[Python-3000] Unicode and OS strings

Wed Sep 19 00:29:24 CEST 2007

On 9/18/07, Jim Jewett <jimjjewett at gmail.com> wrote:
> On 9/18/07, Guido van Rossum <guido at python.org> wrote:
> > On 9/18/07, Jim Jewett <jimjjewett at gmail.com> wrote:
> > > On 9/18/07, Stephen J. Turnbull <stephen at xemacs.org> wrote:
>
> > > > There's no UTF-8 in Python's internal string encoding.
>
> > > (At least as of a few days ago)
>
> > > In Python 3 there is; strings are unicode.  A PyUnicodeObject object
> > > has two encodings that you can grab from a pointer (which means
> > > they have to be there; you don't have time to generate them like
> > > you would with a function pointer).
>
> > Incorrect. The pointer can be NULL.
>
> I had missed that comment, but I do see it now; thank you.
>
> > The API for getting the UTF-8 encoding is a function
>
> Thank you.  But given that defenc is now always UTF-8, won't exposing
> it in the public typedef then just be an attractive nuisance?

*ALL* fields of the struct def are strictly internal.

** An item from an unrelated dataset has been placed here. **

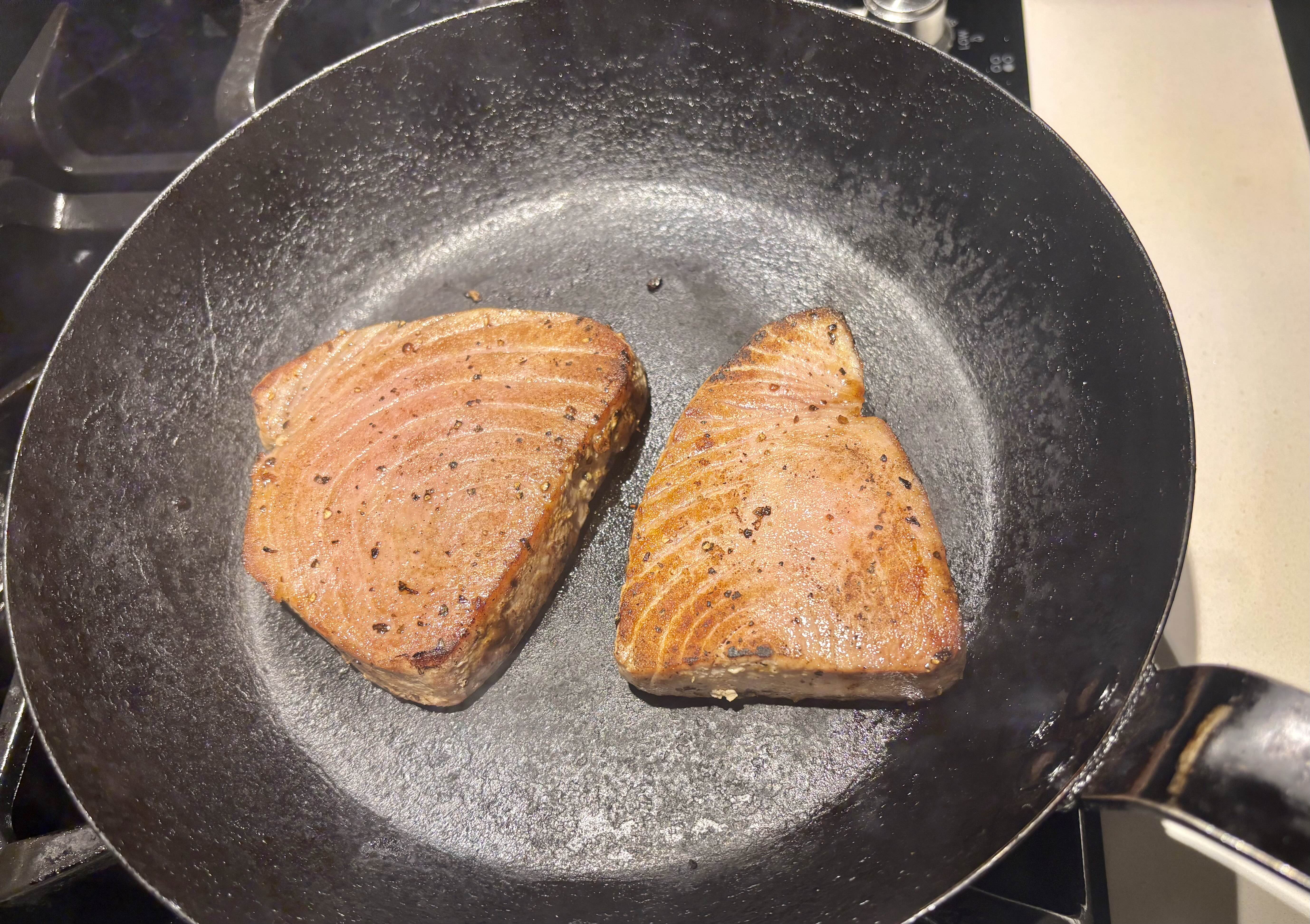 3. 한 면을 90초 --> 뒤집어서 다른 면을 30초 구운 후 -->잠깐 resting 시켰다가 썰어내면 가운데가 익지 않아서 (참치 회 상태) 핑크빛이 도는 참치 스테이크가 된다고 했다.
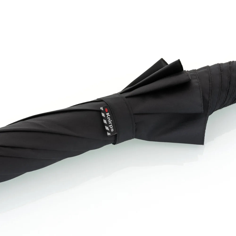 The umbrella cover is made of 100% polyester for water resistance and durability. Knirps backs this model with a 5-year extended guarantee, reflecting the high-quality materials and construction.

> > (moreover a function whose name starts with _Py).
>
> That I still don't see.

I am talking about _PyUnicode_AsDefaultEncoding(). (Which you
shouldn't be calling. :-)

> http://svn.python.org/view/python/branches/py3k/Include/unicodeobject.h?rev=57656&view=markup
>
> PyAPI_FUNC(PyObject*) PyUnicode_AsUTF8String(
>     PyObject *unicode           /* Unicode object */
>     );
>
> PyAPI_FUNC(PyObject*) PyUnicode_EncodeUTF8(
>     const Py_UNICODE *data,     /* Unicode char buffer */
>     Py_ssize_t length,          /* number of Py_UNICODE chars to encode */
>     const char *errors          /* error handling */
>     );
>
>
> Later, the same file shows me:
>
> /* --- Unicode Type ------------------------------------------------------- */
>
> typedef struct {
>     PyObject_HEAD
>     Py_ssize_t length;          /* Length of raw Unicode data in buffer */
>     Py_UNICODE *str;            /* Raw Unicode buffer */
>     long hash;                  /* Hash value; -1 if not set */
>     int state;                  /* != 0 if interned. In this case the two
>                                  * references from the dictionary to this object
>                                  * are *not* counted in ob_refcnt. */
>     PyObject *defenc;           /* (Default) Encoded version as Python
>                                    string, or NULL; this is used for
>                                    implementing the buffer protocol */
> } PyUnicodeObject;
>
>
> I would be happier with:
>
> typedef struct {
>     PyObject_VAR_HEAD           /* Length in code points, not chars */
> } PyUnicodeObject;
>
> And, in unicodeobject.c (*not* in a public header)
>
> typedef struct {
>     PyUnicodeObject ob_unicodehead;
>     Py_UNICODE *str;            /* Raw Unicode buffer */
>     long hash;                  /* Hash value; -1 if not set */
>     int state;                  /* != 0 if interned. In this case the two
>                                  * references from the dictionary to this object
>                                  * are *not* counted in ob_refcnt. */
>     PyObject *defenc;           /* (Default) Encoded version as Python
>                                    string, or NULL; this is used for
>                                    implementing the buffer protocol */
> } _PyDefaultUnicodeObject;
>
> As this would allow 3rd parties to create implementations specialized
> for (and saving space on) smaller alphabets, without breaking C
> extensions that stick to the public header files.  (Moving hash or
> even state to the public header might be OK too, but they seemed to
> get ignored for subclasses anyhow.)

That is not a supported use case.

-- 
--Guido van Rossum (home page: http://www.python.org/~guido/)